Raw data:
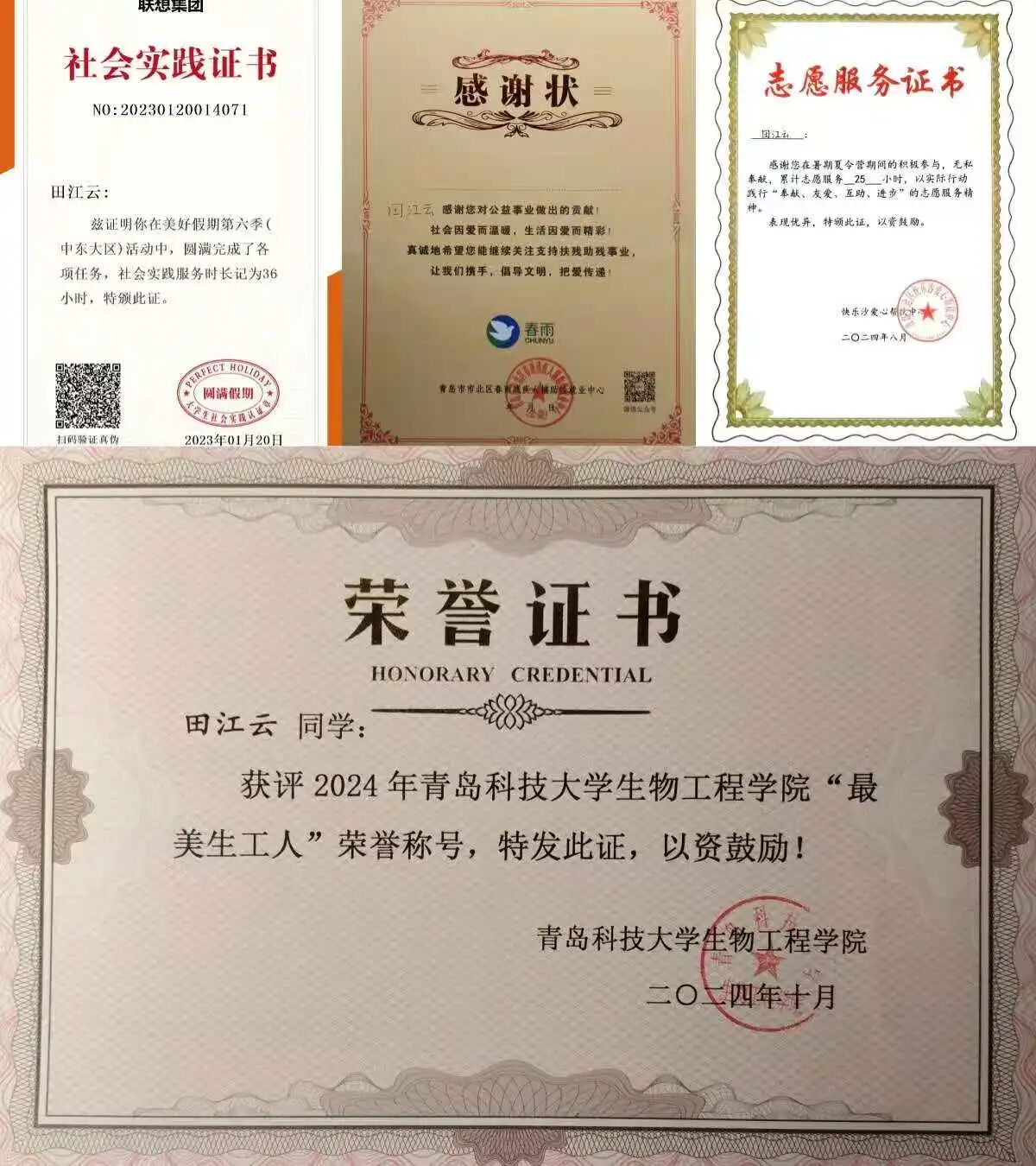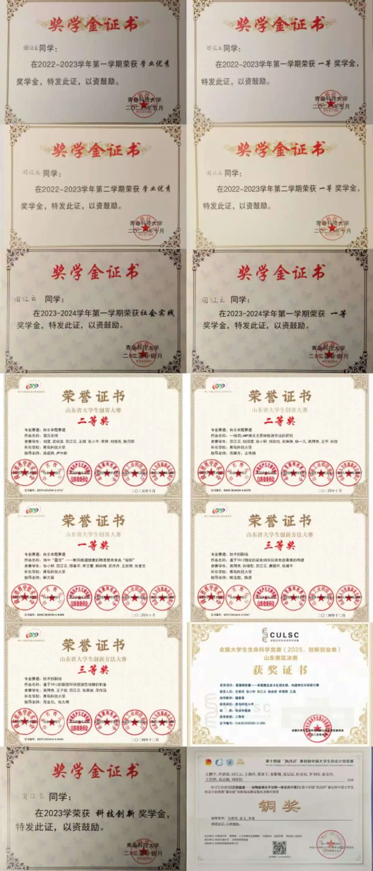 荣获“挑战杯”秦创原创新挑战赛国家级铜奖、全国老员工数学竞赛国家级二等奖、全国老员工数学建模竞赛省级二等奖、中国国际老员工创新大赛省级铜奖、第十四届“挑战杯”老员工创业计划竞赛主赛道省级银奖、山东省老员工医养健康创新创业大赛三等奖、山东省老员工创客大赛一等奖,二等奖、第九届全国老员工生命科学竞赛(科学探究类)省级三等奖、山东省老员工创新方法大赛三等奖、第十届全国老员工生命科学竞赛(创新创业类)省级三等奖、2024年老员工创新创业训练项目省级立项(负责人)等。
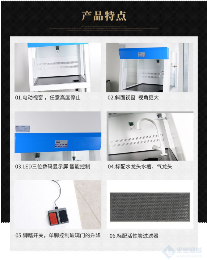 * 11、通風柜配置腳踏開關,單腳控制玻璃門的升降,更加實用。
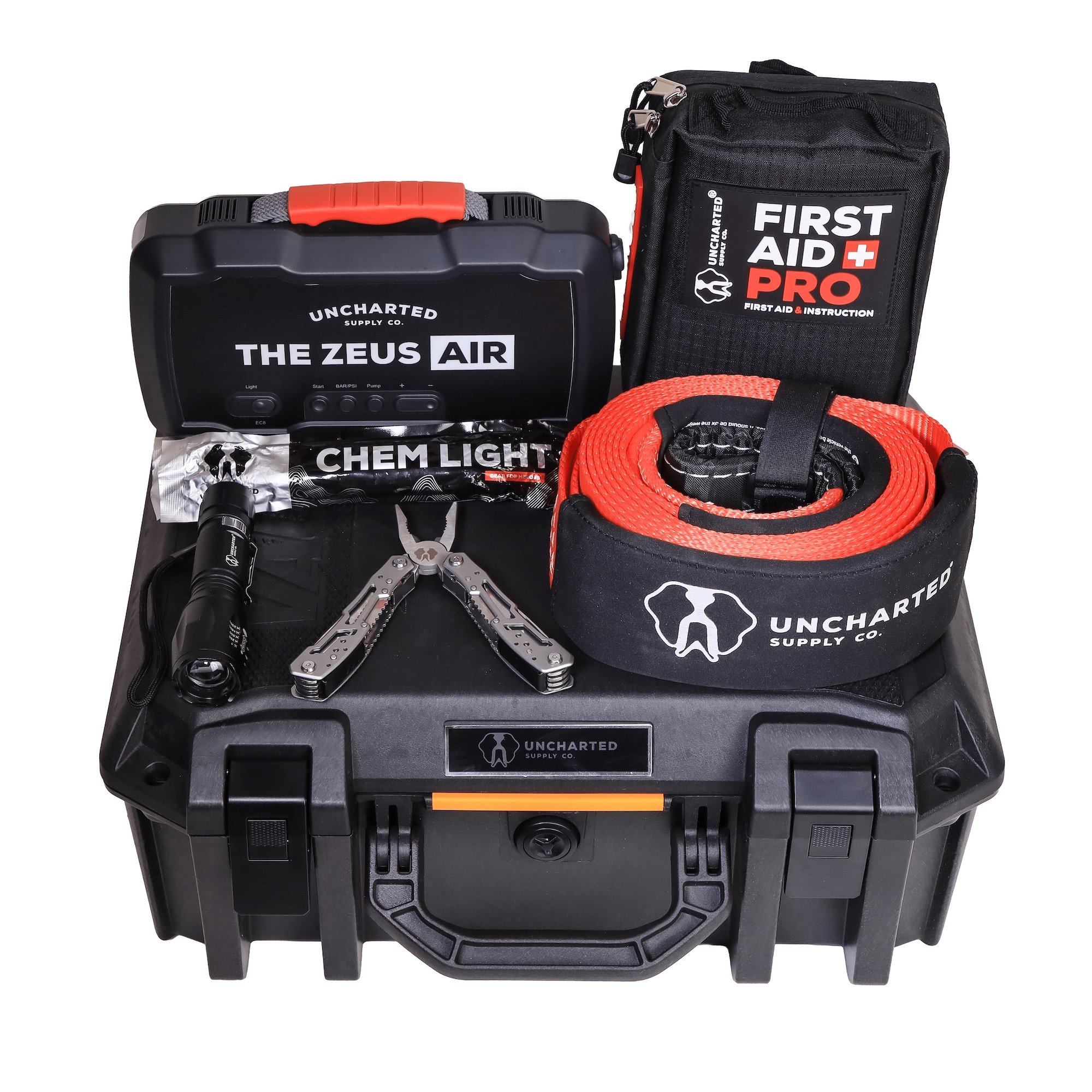 Inside the Pelican case you’ll find a slew of items including a Zeus Air that can jump start engines up to 6.0 liter diesels, inflate tires, and more. You’ll also find a First Aid Pro Kit, a static tow strap rated to 17,500 lbs, a survival-ready multitool, and more.
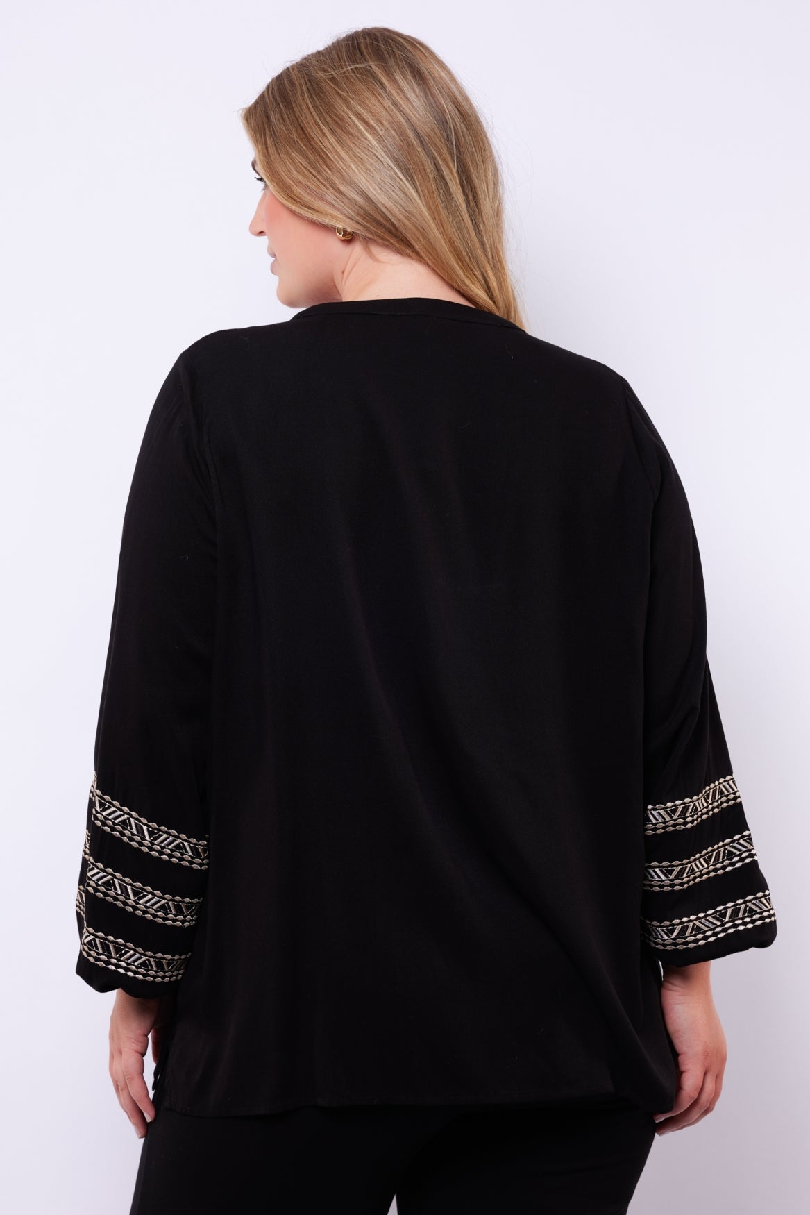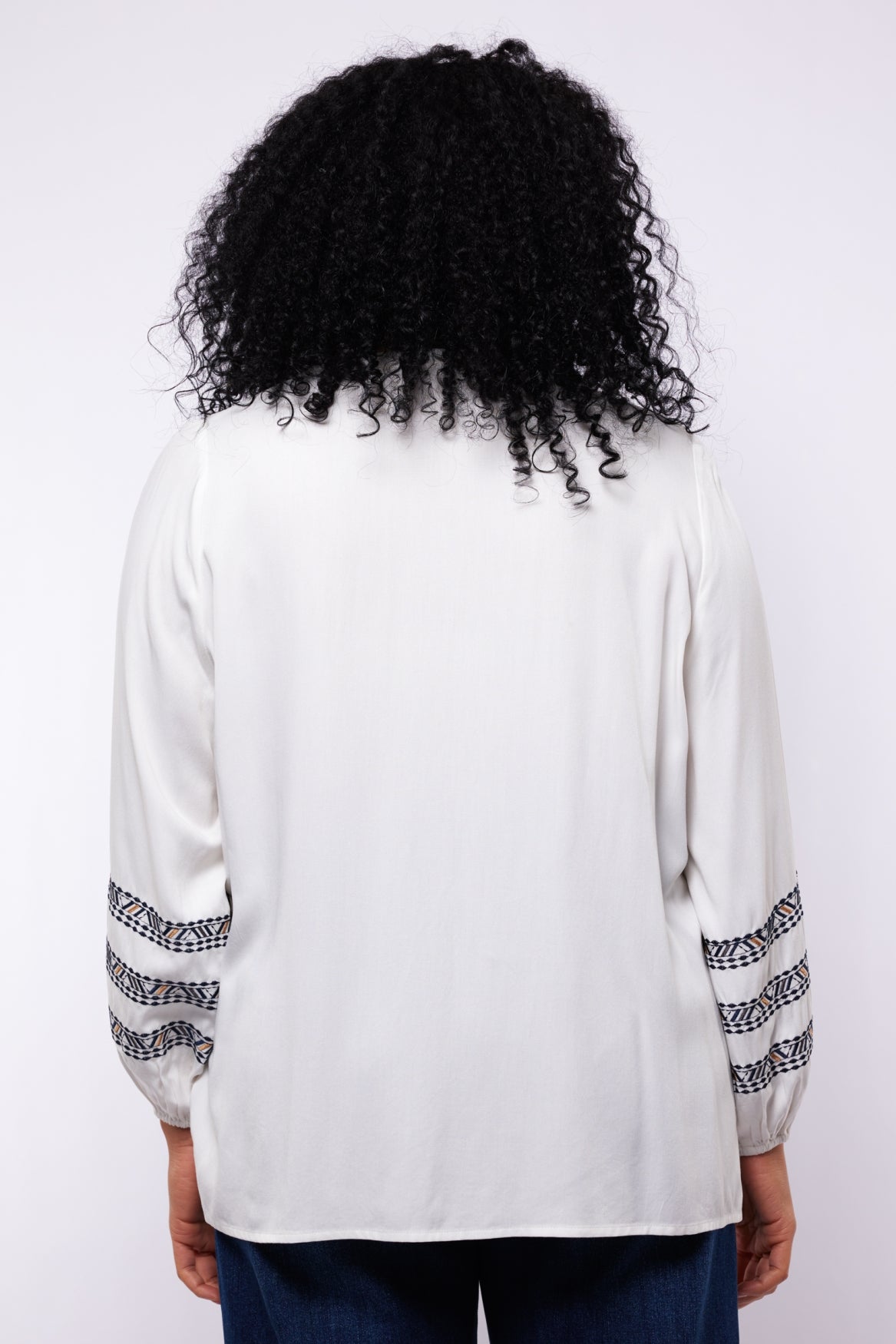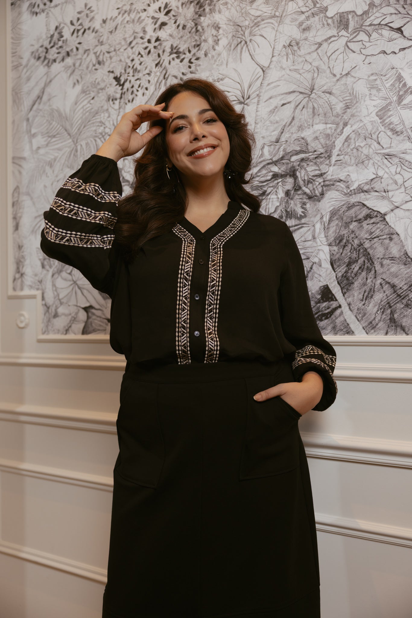 De subtiele borduursels langs de V-hals en mouwen geven de Kallie blouse een speelse twist, terwijl de luchtige stof zorgt voor een fijne pasvorm. De knoopsluiting maakt het een veelzijdig item dat zowel open als dicht gedragen kan worden.

Your objective: Every line above should be output exactly, except for the pictures.

Result of this task:
 荣获“挑战杯”秦创原创新挑战赛国家级铜奖、全国老员工数学竞赛国家级二等奖、全国老员工数学建模竞赛省级二等奖、中国国际老员工创新大赛省级铜奖、第十四届“挑战杯”老员工创业计划竞赛主赛道省级银奖、山东省老员工医养健康创新创业大赛三等奖、山东省老员工创客大赛一等奖,二等奖、第九届全国老员工生命科学竞赛(科学探究类)省级三等奖、山东省老员工创新方法大赛三等奖、第十届全国老员工生命科学竞赛(创新创业类)省级三等奖、2024年老员工创新创业训练项目省级立项(负责人)等。
 * 11、通風柜配置腳踏開關,單腳控制玻璃門的升降,更加實用。
 Inside the Pelican case you’ll find a slew of items including a Zeus Air that can jump start engines up to 6.0 liter diesels, inflate tires, and more. You’ll also find a First Aid Pro Kit, a static tow strap rated to 17,500 lbs, a survival-ready multitool, and more.
 De subtiele borduursels langs de V-hals en mouwen geven de Kallie blouse een speelse twist, terwijl de luchtige stof zorgt voor een fijne pasvorm. De knoopsluiting maakt het een veelzijdig item dat zowel open als dicht gedragen kan worden.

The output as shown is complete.